REQUIRED ACTION> From the line holding "Inclusief Stalen draadmand, glazen" through the line holding "云南省昆明市西山區(qū)駐" below, write out every line exactly; include both of those lines and drop the pictures.
Start of ENTRIES PROVIDED
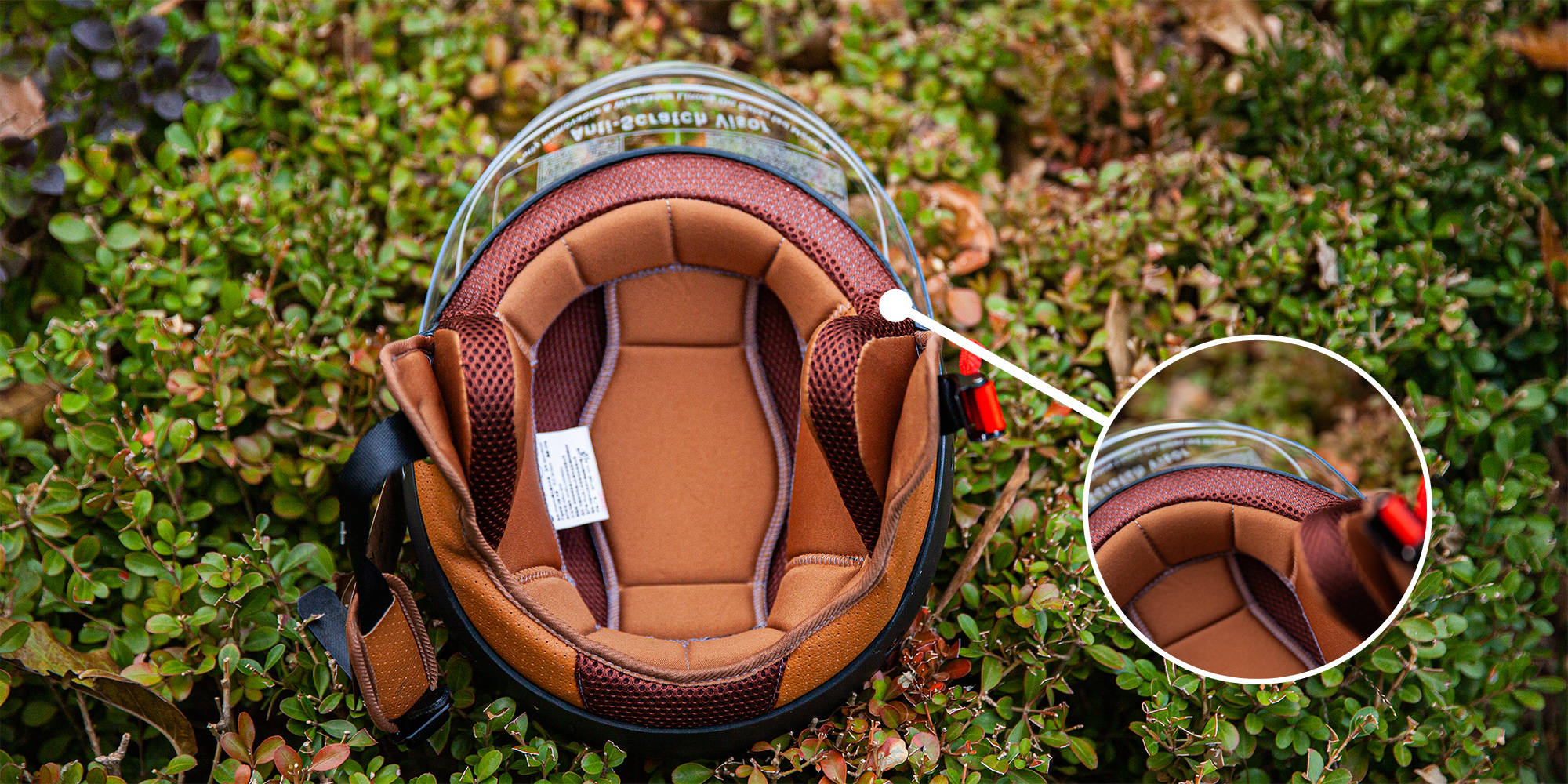 骑士复古头盔采用了三层设计结构,头盔的外壳是喷涂了金属磨砂工艺的高强度ABS工程塑料,提供优异的抗冲击和耐穿透的性能;减震层采用的是高密度的EPS,这玩意就是有些车企前后防撞里面填充的那个材料,在撞击时吸能用的;最里面一层就是海绵,让佩戴的时候更加的舒适。
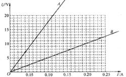17.如下图是电阻A和电阻B的U-I图线,从图上可以看出A的电阻__________B的电阻(选填“大于”、“等于”或“小于”)。若将它们都接在7.5V的电源上,则通过A、B的电流分别为__________、__________。
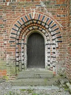 Auf der Nordseite des Chors und des Turmes sind abgetreppte Portale mit eingelegten Rundwülsten angeordnet; das erstere ist mit stumpfem Spitzbogen, das letztere mit Rundbogen ausgeführt. Beide Portale sind mit glasierten Formsteinen geschmückt. Die Raumteile der Kirche sind mit kuppelartigen Kreuzgratgewölben geschlossen. Der Triumphbogen ist ebenfalls mit abgestumpftem Spitzbogen versehen. Insgesamt ist die Kirche der Romanik zuzurechnen, obwohl sie mit ihren Portalen Elemente der Backsteingotik enthält.
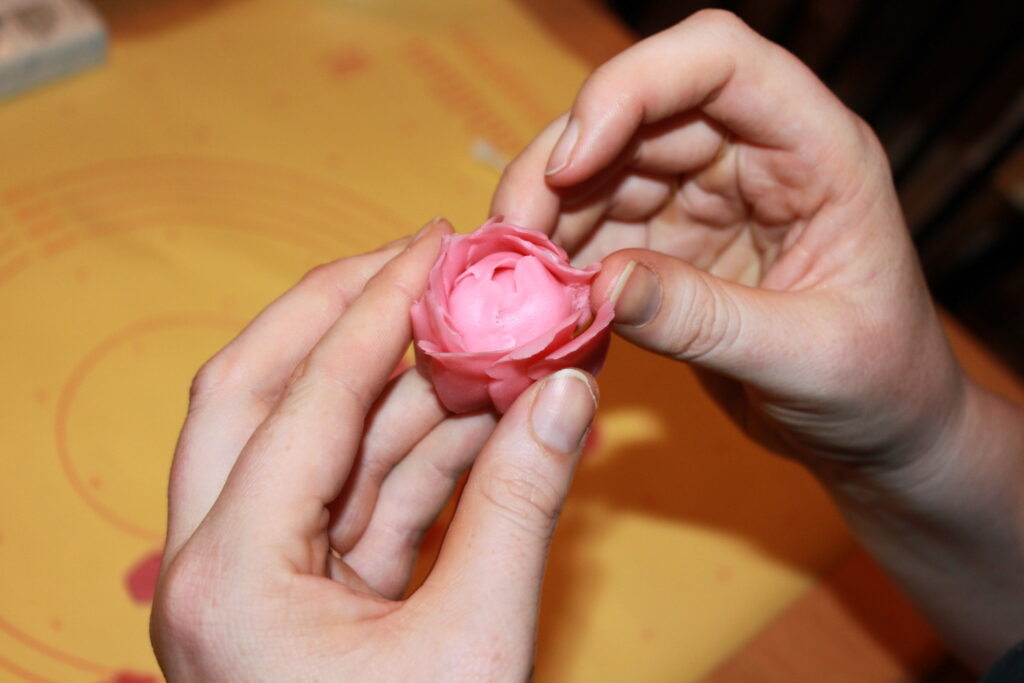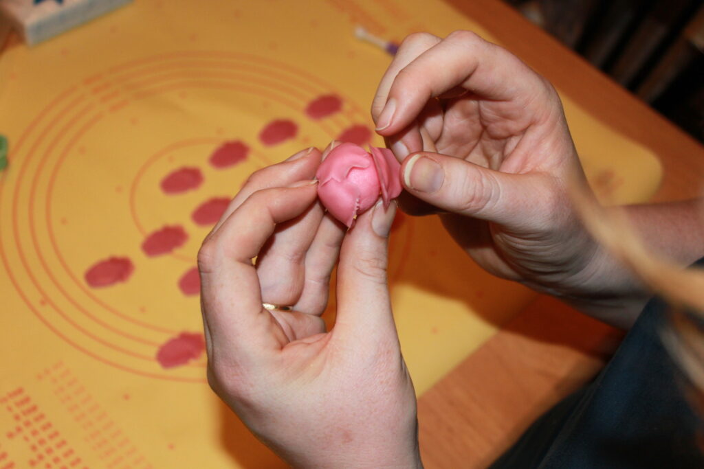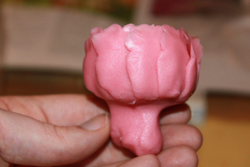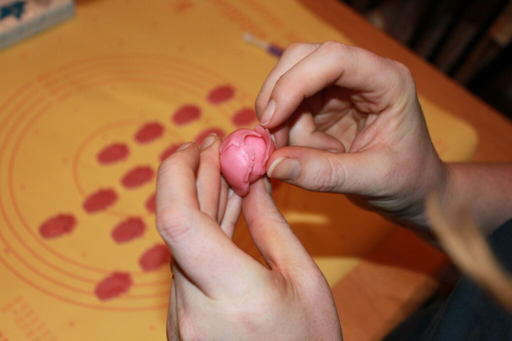 Form kronbladene forsiktig og skjær bort den overflødige marsipanen i bunn.
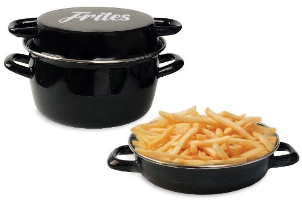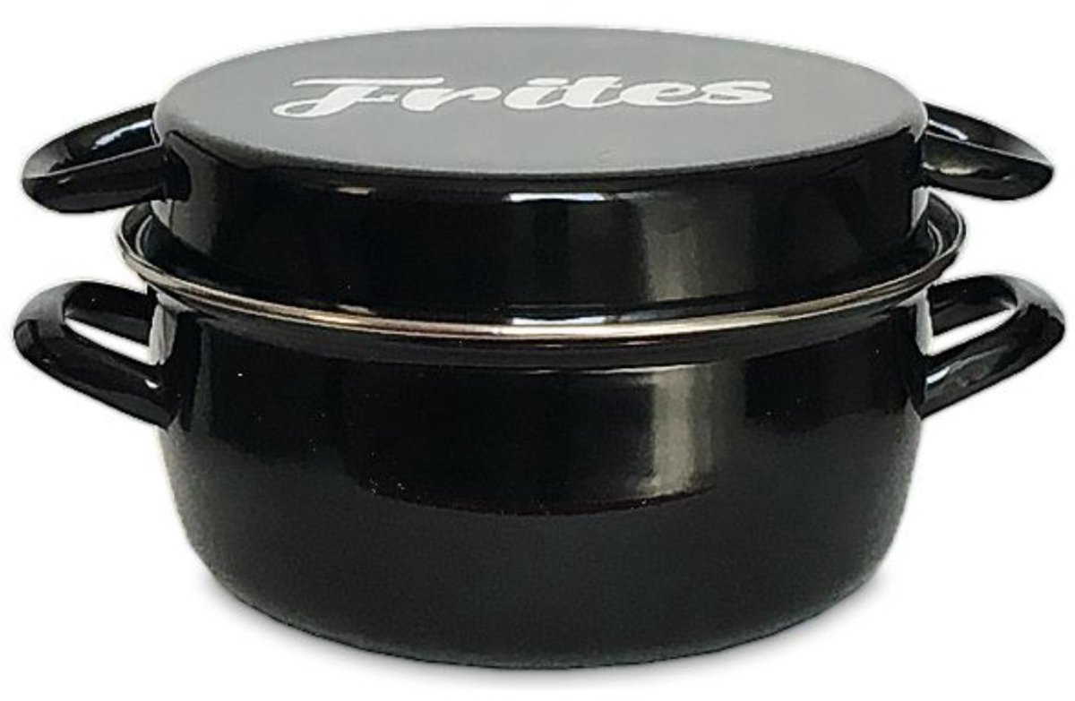 Inclusief Stalen draadmand, glazen deksel, geëmailleerde deksel (serveerschaal), “Frites” opschrift (source: listing, checked 2025)
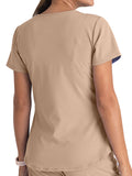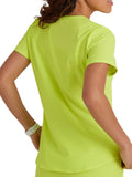 The V-neck design adds a touch of elegance and modernity to this scrub top. It sets it apart from traditional scrub tops and gives a professional and stylish appearance.
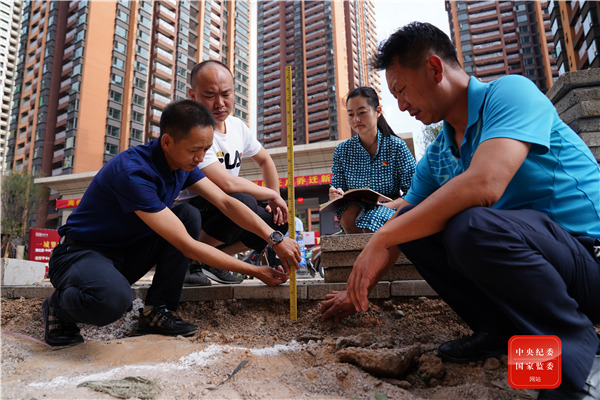 云南省昆明市西山區(qū)駐村一線紀檢監(jiān)察員對城中村改造道路施工質量進行督查,確保路基建設質量,建人民滿意工程。(云南省昆明市西山區(qū)紀委監(jiān)委 尹彪 攝)
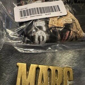 Predominantly black, the Supreme T-Rex Tee provides a versatile canvas for the striking printed design. Crafted entirely from 100% cotton, it ensures both comfort and enduring quality. The front graphic portrays a T-rex dramatically traversing New York City, accompanied by the iconic Supreme logo in the corner, for some brand recognition. The tee retains its casual aesthetic through its short sleeves, ribbed crew neck, and straight hem.
End of ENTRIES PROVIDED
OUTPUT>
 Inclusief Stalen draadmand, glazen deksel, geëmailleerde deksel (serveerschaal), “Frites” opschrift (source: listing, checked 2025)
 The V-neck design adds a touch of elegance and modernity to this scrub top. It sets it apart from traditional scrub tops and gives a professional and stylish appearance.
 云南省昆明市西山區(qū)駐村一線紀檢監(jiān)察員對城中村改造道路施工質量進行督查,確保路基建設質量,建人民滿意工程。(云南省昆明市西山區(qū)紀委監(jiān)委 尹彪 攝)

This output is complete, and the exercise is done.